So, the behavior seems to be, as claimed in the title: if I put this print statement back in, the code gets a lot faster.
I've played around a bit: e.g, printing a constant string doesn't give the speedup, but printing the clock time does. There's a pretty clear threshold: the code is either fast or slow.
I considered the possibility that some bizarre compiler optimization either does or doesn't kick in, maybe depending on whether the code does or doesn't have side effects. But, if so it's pretty subtle: when I looked at the disassembled binaries, they're seemingly identical except that one has an extra print statement in and they use different interchangeable registers. I may (must?) have missed something important.
I'm at a total loss to explain what an earth could be causing this. Worse, it does actually affect my life because I'm running related code a lot, and going round inserting extra print statements does not feel like a good solution.
Any plausible theories would be very welcome. Responses along the lines of "your computer's broken" are acceptable if you can explain how that might explain anything.
UPDATE: with apologies for the increasing length of the question, I've shrunk the example to
#include <stdio.h>
#include <stdlib.h>
#include <complex>
using namespace std;
const int pp = 29;
typedef complex<double> cdbl;
int main() {
cdbl ff[pp];
cdbl blah = 0.0;
for(int ii = 0; ii < pp; ii++) {
ff[ii] = 1.0;
}
for(int it = 0; it < 1000; it++) {
cdbl xx = 0.0;
for(int kk = 0; kk < 100; kk++) {
for(int ii = 0; ii < pp; ii++) {
for(int jj = 0; jj < pp; jj++) {
xx += conj(ff[ii]) * conj(ff[jj]) * ff[ii];
}
}
}
blah += xx;
printf("%.15lf\n", blah.real());
}
printf("%.15lf\n", blah.real());
return 0;
}
I could make it even smaller but already the machine code is manageable. If I change five bytes of the binary corresponding to the callq instruction for that first printf, to 0x90, the execution goes from fast to slow.

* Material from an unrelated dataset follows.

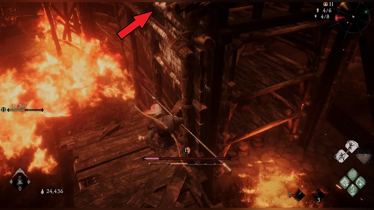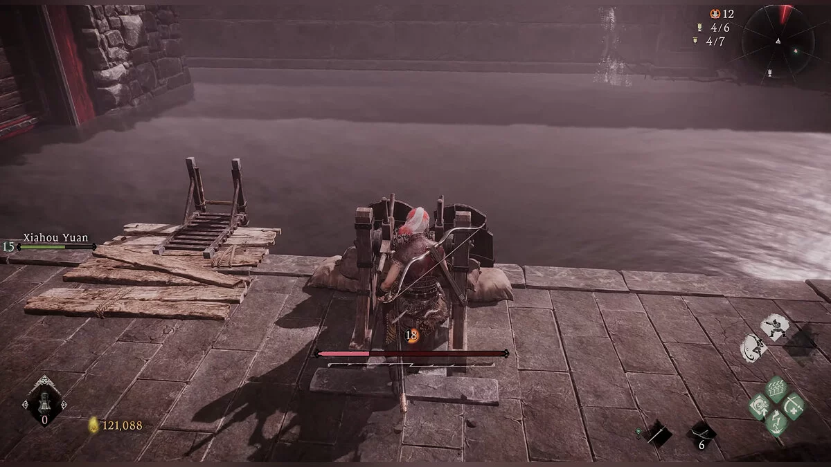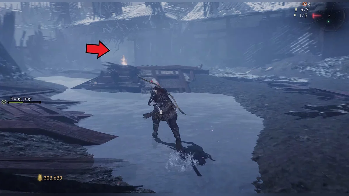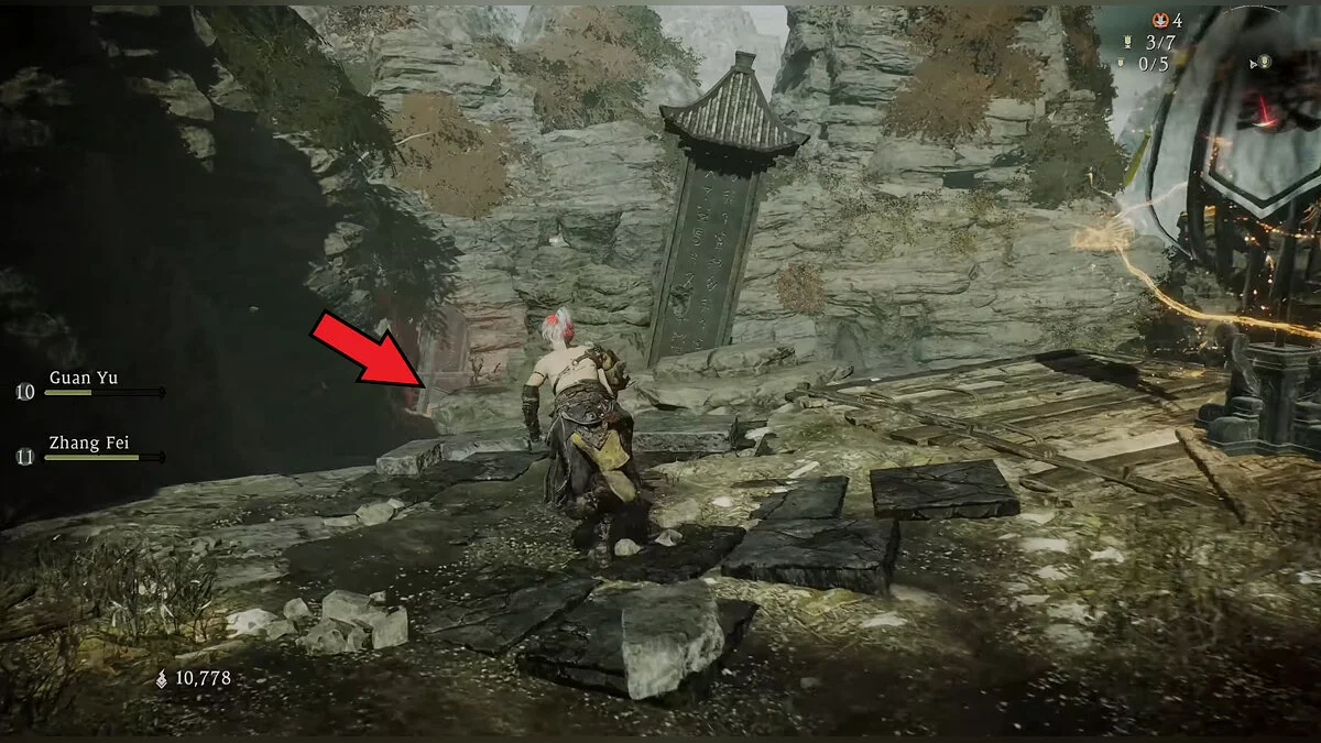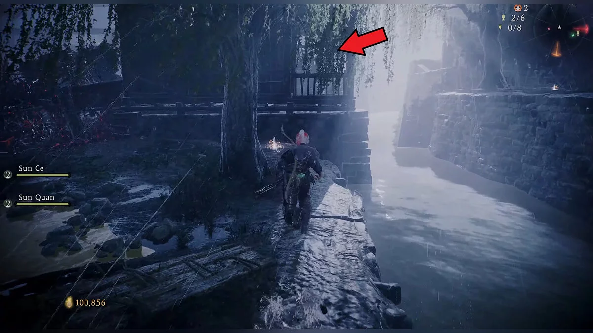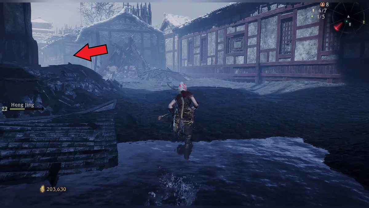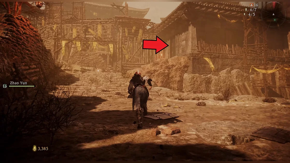 Миссия: «Люй Бу — самый могущественный среди людей». Начинайте поиски от пятого боевого флага. В затопленном городе идите через руины к разрушенному зданию. От здания идите направо и перепрыгните через обломки в переулке. Здесь незатопленная тропинка вокруг здания. Следует пройти по ней и найти предмет.

The compiled code is very heavy with function calls to __muldc3(). I feel it must be to do with how the Broadwell architecture does or doesn't handle these jumps well: both versions run the same number of instructions so it's a difference in instructions / cycle (about 0.16 vs about 2.8).
Also, compiling -static makes things fast again.
Further shameless update: I'm conscious I'm the only one who can play with this, so here are some more observations:
It seems like calling any library function — including some foolish ones I made up that do nothing — for the first time, puts the execution into slow state. A subsequent call to printf, fprintf or sprintf somehow clears the state and execution is fast again. So, importantly the first time __muldc3() is called we go into slow state, and the next {,f,s}printf resets everything.
Once a library function has been called once, and the state has been reset, that function becomes free and you can use it as much as you like without changing the state.
So, e.g.:
#include <stdio.h>
#include <stdlib.h>
#include <complex>
using namespace std;
int main() {
complex<double> foo = 0.0;
foo += foo * foo; // 1
char str[10];
sprintf(str, "%c\n", 'c');
//fflush(stdout); // 2
for(int it = 0; it < 100000000; it++) {
foo += foo * foo;
}
return (foo.real() > 10.0);
}
is fast, but commenting out line 1 or uncommenting line 2 makes it slow again.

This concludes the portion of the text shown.